Subjects were participants in the Colorado Center on Antisocial Drug Dependence (CADD), a large collaborative study that includes family, twin, adoption, and clinical samples. Community samples were drawn from the Colorado Twin Registry (CTR) [27], the Colorado Adoption Project (CAP) [28], and the Colorado Adolescent Substance Abuse Family Study (ASA) [29]. Following the work by Zeiger et al [30] we combined this community sample with two clinical samples drawn from adolescents in treatment for substance abuse and delinquency, recruited as part of the ASA, and additional adolescents who had been convicted and placed on probation (e.g. adjudicated) in the Denver metropolitan area [31].
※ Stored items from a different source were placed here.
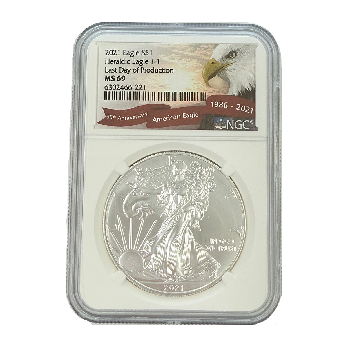 - 2021-S Heraldic T-1 1 oz American Silver Eagle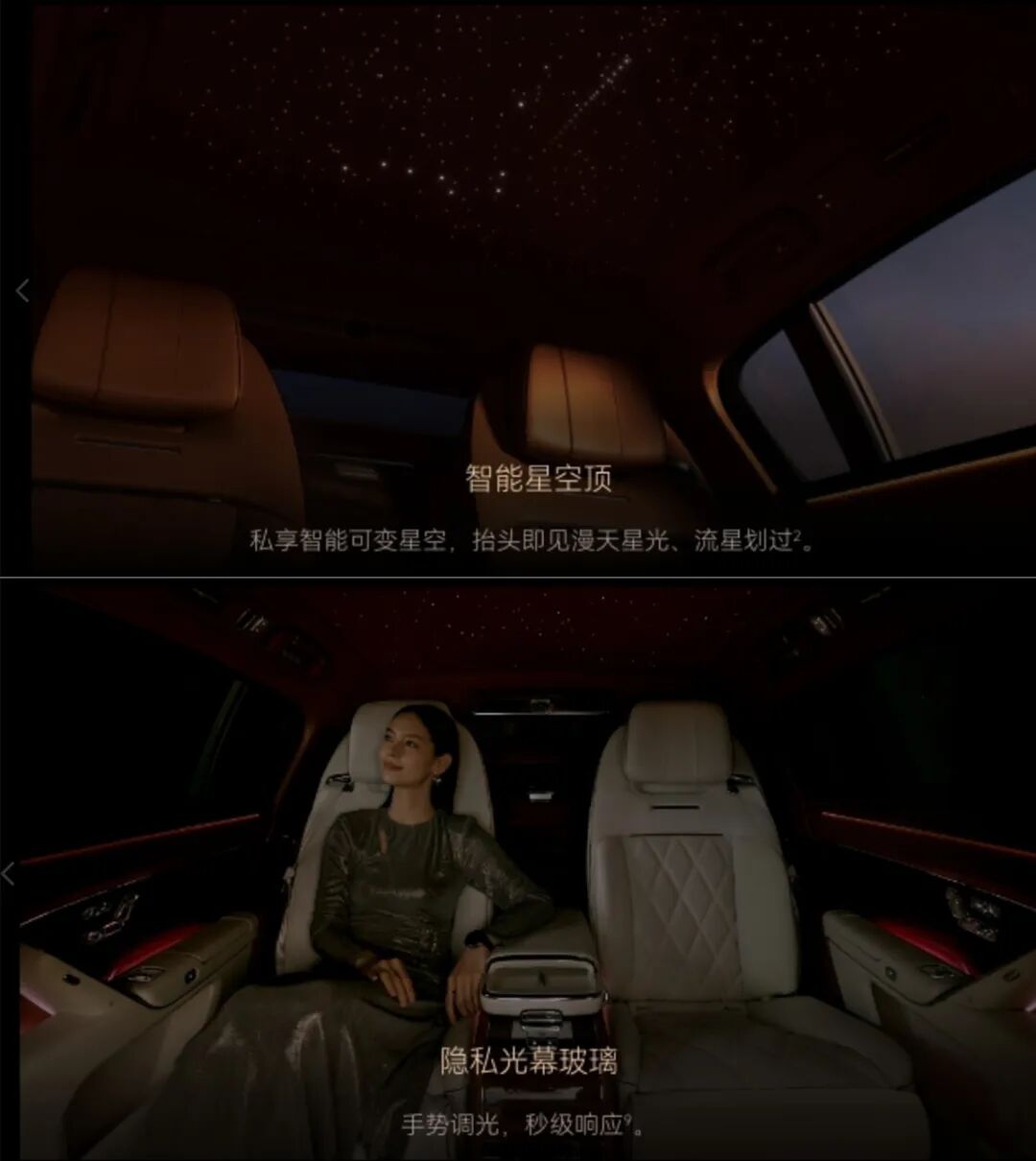 再往上看,头顶是智能可变星空顶,满天星光缓缓流淌,偶尔还有流星划过,北斗七星的轨迹也能随手调出来,劳斯莱斯的星空顶瞬间就不璀璨了。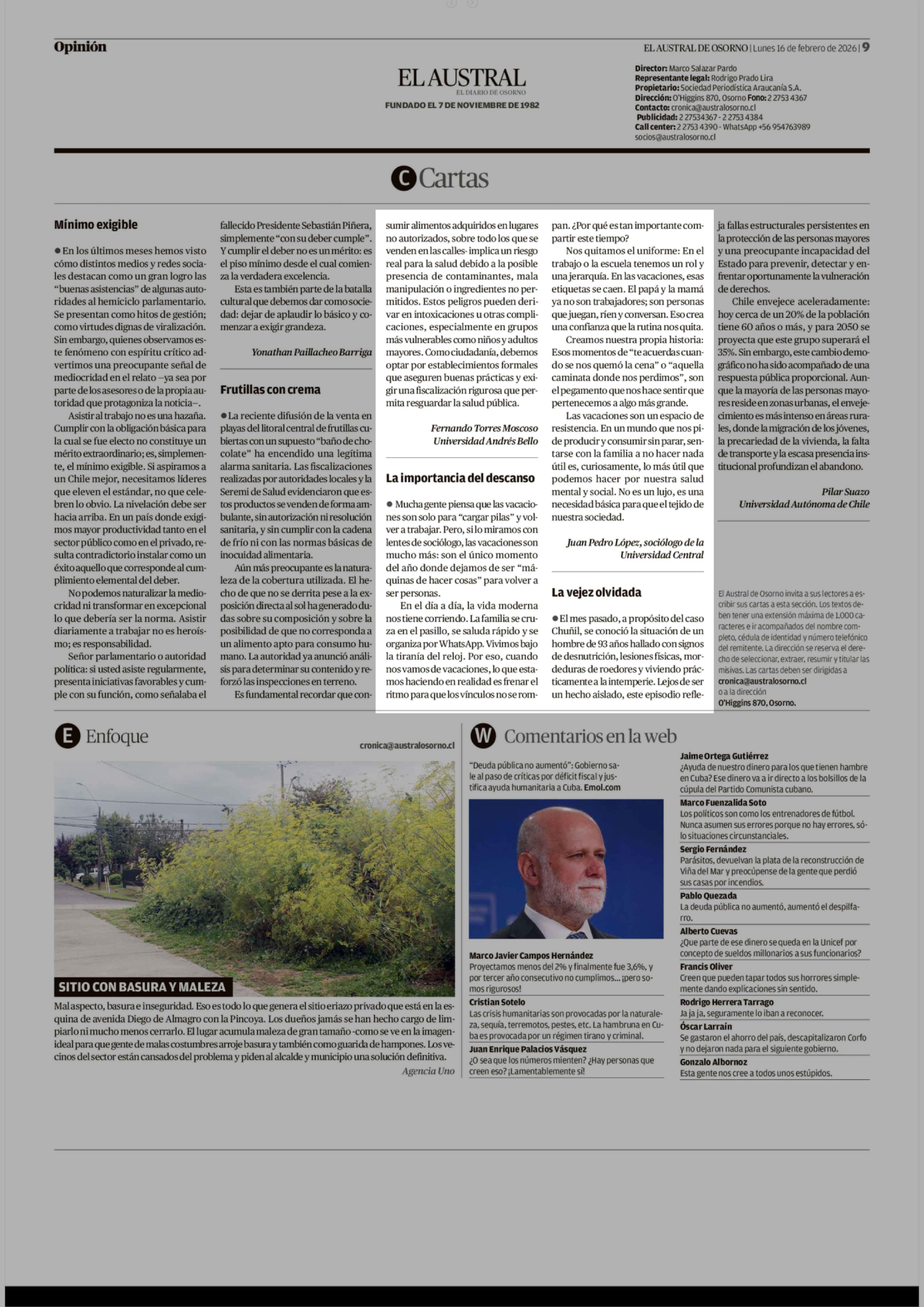 Cartas: La importancia del descanso 16-02-2026 El Austral de Osorno |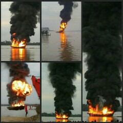 Kapal Bermuatan BBM Ludes Terbakar di Parit 4 Inhil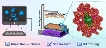 近日,crown皇冠体育平台马小红博士在近红外发光超原子团簇研究领域取得了新进展,相关成果以“Near-infrared luminescence AgPd alloy superatomic clusters”为题,在《Inorganic Chemistry Frontiers》上发表。这项研究开展了一种合金化策略制备新型双金属纳米团簇,[Ag14Pd(PFBT)6(TPP)8](TPP)(缩写为Ag14Pd;TPP:三苯基膦;PFB:五氟苯硫酚)。通过单晶X射线衍射、电喷雾电离质谱、热重分析和X射线光电子能谱等手段对Ag12Pd的晶体结构进行了表征。Ag14Pd具有标准的二十面体Ag12Pd金属内核,在二十面体相对的两端被两个Ag(PFBT)3封端,形成具有1S21P6特征的闭壳层超原子结构。值得注意的是,该团簇在溶液和固体状态下均表现出强的近红外发光,在固态下的量子产率高达15%,这在金属纳米簇中是罕见的。结合密度泛函理论计算对Ag14Pd的光学性质和电子结构进行了全面研究。此外,由于其强的发光和优异的光稳定性,Ag14Pd簇显示出作为近红外油墨用于不同模型的3D打印的巨大潜力。本工作拓展了近红外发光超原子团簇的应用范围,为团簇的应用提供了新的方向。

The total available sample size for which we had data on multiple pairs of siblings within a family was 1299. Sixty-one percent were drawn from our community based studies. In order to examine potential sex differences, we included same- and opposite-sex siblings. A total of 310 same-sex monozygotic twins (MZ; M: 152, F: 158), 188 same-sex dizygotic twins (DZ; M: 95, F: 93), and 430 same-sex full-siblings (FS; M: 336, F: 94) were examined. Our sample of opposite-sex siblings included 88 DZ twins and 283 full-siblings. The majority of participants self-reported either White (77.0%) or Hispanic (17.0%) ethnicity and were an average of 20.6 (± 3.8 years) at the time of assessment. Females accounted for 55.2% of our sample.

Assessment

Retrospectively reported subjective effects to tobacco were collected only if participants used every day for 30 days. For alcohol and marijuana, subjective responses were collected from those who reported using these drugs six or more times. Subjective effects were collected using a questionnaire developed by Lyons and colleagues [25]. For each drug, participants were asked “in the period shortly after you used [substance name], did it make you feel [subjective effect]”.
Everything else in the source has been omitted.